We’re seeing a new era in Washington DC. Probably nothing makes that more clear than Glenn Kessler’s outstanding slapdown of the President’s misleading use of rhetoric in his SOTU speech that appears on page A13 of today’s Washington Post. When such articles begin appearing on page A1 of the Post then we will have reached critical meltdown territory. As it stands now, we are not quite to a Three Mile Island situation, but I still wouldn’t drink the milk.
The Washington Establishment is a curious beast. It sees itself as responsible for the success of American foreign and business policy. Those are its first and highest priorities. The truth comes somewhere further down the line. Because they put their priorities in this order, they are vulnerable to making the same mistakes that the intelligence community, especially the CIA, repeatedly makes. The CIA answers to the President and the National Security Council. The Congress has some oversight (not nearly enough) and they can ask the CIA to give them information. But the CIA exists to serve the executive branch. And if the executive branch decides that New Zealand is the most evil, dictatorial, terrorist supporting, WMD proliferating, drug-running regime in the entire world? Well, then the CIA is damn well going to do their darnedest to convince the world of the evils of New Zealand.
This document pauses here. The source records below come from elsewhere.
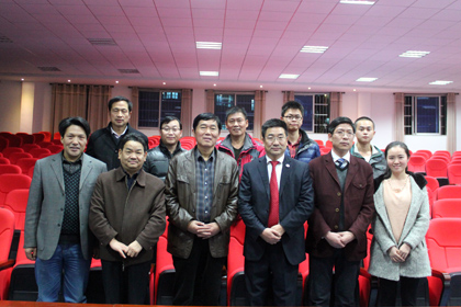 讲座现场领导、嘉宾、老师与黄开才教授合影 |
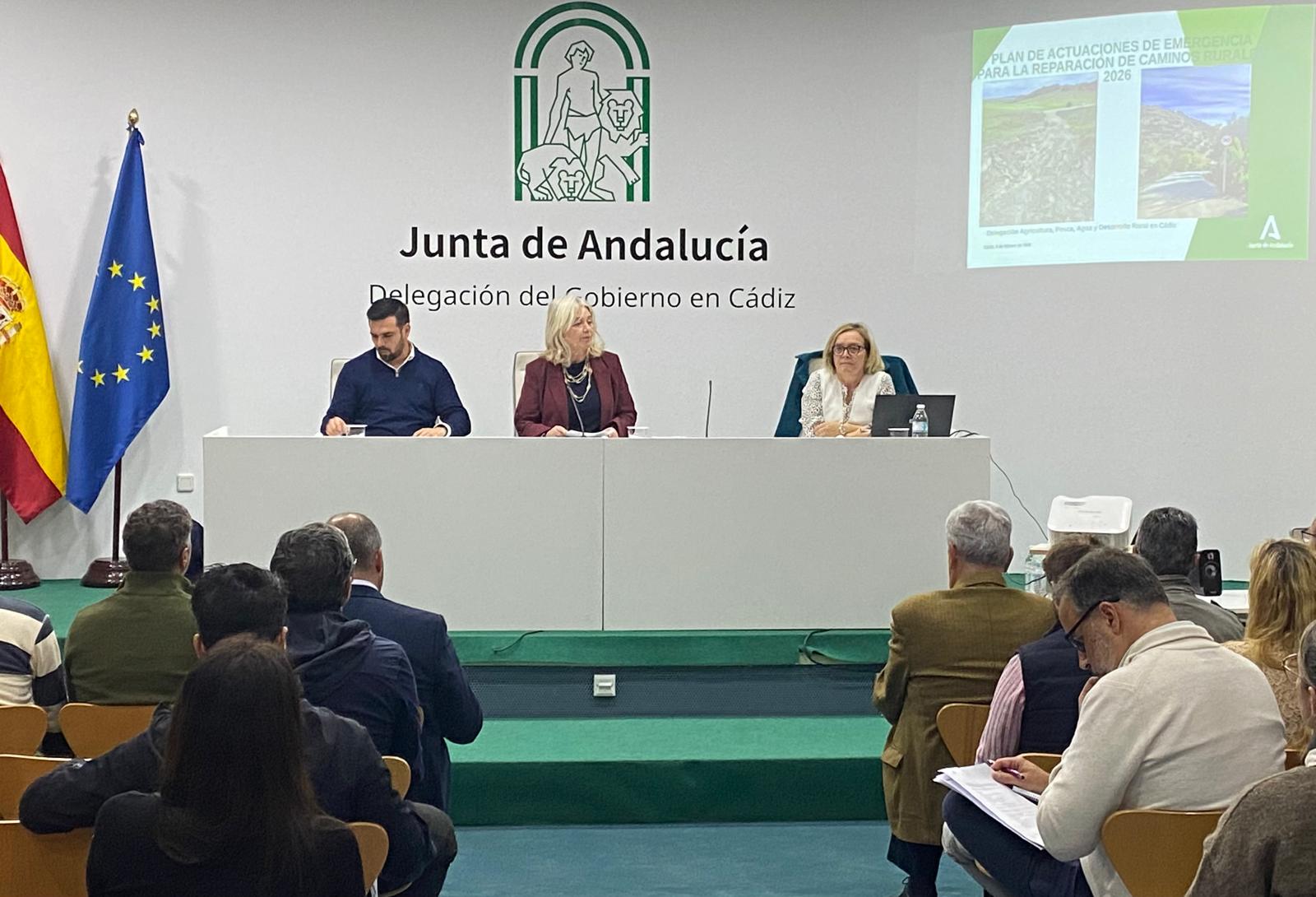 La delegada del Gobierno andaluz se reúne con ayuntamientos y Diputación para informar sobre el plan de reparación de caminos rurales en Cádiz y otras infraestructuras agrarias afectadas por los temporales de noviembre a febrero.
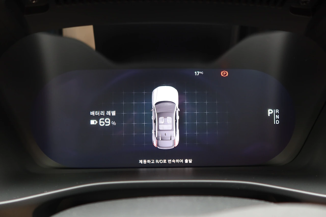 시승을 위해 차량을 인도 받는 순간부터 ‘다름’을 경험했다. 이 차는 시동 버튼이 없었다. 어떻게 시동 버튼이 없을 수 있지? 스마트키를 가진 상태로 차 문을 열었더니 배터리 잔량이나 주행 거리 등의 정보를 안내하는 ‘글랜스 뷰(Glance View)’ 기능이 작동한다. 운전석에 앉아 진짜 시동 버튼이 없는지 의심의 눈으로 구석구석 살펴봤다. 정말 없다. 알고 보니 운전석 시트에 스타트 버튼이 통합된 것. 마치 자리에 앉는 순간부터 차와 한 몸이 되는 기분이다.
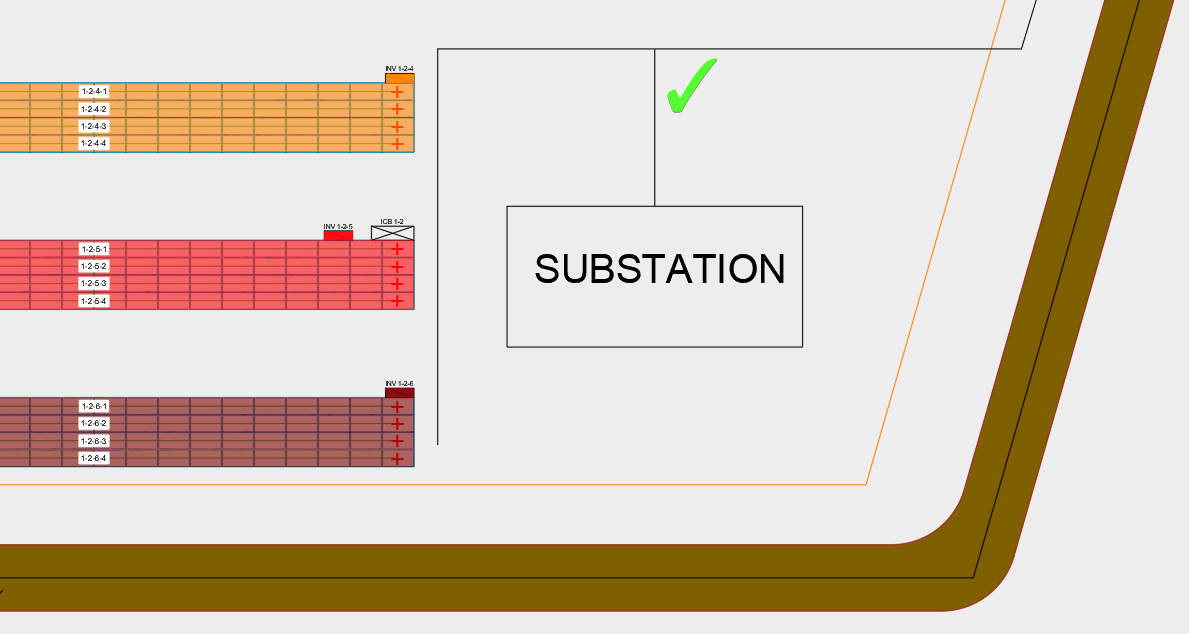 As you can see in the image above, the DC cabling was generated for all the strings and devices for this transformer. Each cable run is drawn as its own, thin blue polyline, which will be accounted for in the Bill of Materials.

They won’t do it easily. They’ll gripe. They’ll leak. There will be resignations. But they’ll do it because once the President sets a policy, no matter how hare-brained and delusional, it is their duty to try to make it work. And that is, albeit to a much lesser extent, also the view of the Washington Establishment.
But, after four years of disaster after disaster and deterioration after deterioration, the Washington Establishment finds themselves in a bind. The people have decided that the national interests are not the President’s interests and that the nation’s interests cannot be advanced by following the President’s interests. Congress is beginning to respond to this and we see the evidence most plainly in the competing resolutions in the Senate against any increase in our troop levels in Iraq.
The Bush administration lost the editorial board of the New York Times a long time ago. The NYT’s editorial board has become increasingly shrill and vituperative in their criticism of torture, detainee treatment, habeas corpus, the war in Iraq, and domestic surveillance. The Washington Post editorial board, however, has more nearly parroted Joe Lieberman’s advice that we criticize a President in a time of war at our peril. But the nation and, yes even the Senate, has passed the Washington Post by. And they still don’t get it. Here’s their review of Bush’s SOTU speech.
He missed key opportunities to put forward areas for such cooperation — and in the past six years, he’s done much to persuade Democrats that they have little to gain from partnership. Nonetheless, in the new political order that will dominate the final two years of the Bush presidency, it may be in the Democrats’ interest as well as the nation’s to seek bipartisan accomplishment. On energy, health care, education and immigration, Mr. Bush last night offered at least a reasonable basis for further discussion. Congress should engage, not reflexively dismiss.
Without getting into the details of Bush’s individual proposals, the fact of the matter is that his proposals are not reasonable. Teddy Kennedy, for example, has no incentive to even discuss Bush’s health care proposal. He wasn’t consulted, he doesn’t support it, his base doesn’t support it, and it’s terrible policy.
This is just a symptom of the greater problem, which is increasingly the elephant in the room. The Bush administration cannot govern. They are detached from reality. They are a liability to everyone that associates with them, including all of our allies around the world. Every day they remain in office is a day where American interests are damaged. They need to be impeached and thrown into Nixon’s scrapheap of history. Anyone that doesn’t know this is also detached from reality.
Bush has almost impossibly low approval ratings. The Washington Post and the Washington Establishment’s poll ratings must be similarly low and it is a direct result of their confusing their role. Their role has never been, like the CIA, to carry water for the executive branch. By acting like that is their role, they have helped lead this nation down a rathole. And their reputation, diminished as it is, is well deserved. Journalism is about the truth. A free press is our guarantor of good government. When our Establishment press fails to do their job, our current circumstances are the result.
When articles like Glenn Kessler’s start appearing on the front-page of the Washington Post I will begin to believe that the Washington Post gets it. But until they begin agitating for impeachment I won’t have much respect for them. Impeachment is the absolutely essential prerequisite for restoring faith in the U.S. government and the U.S. Establishment press.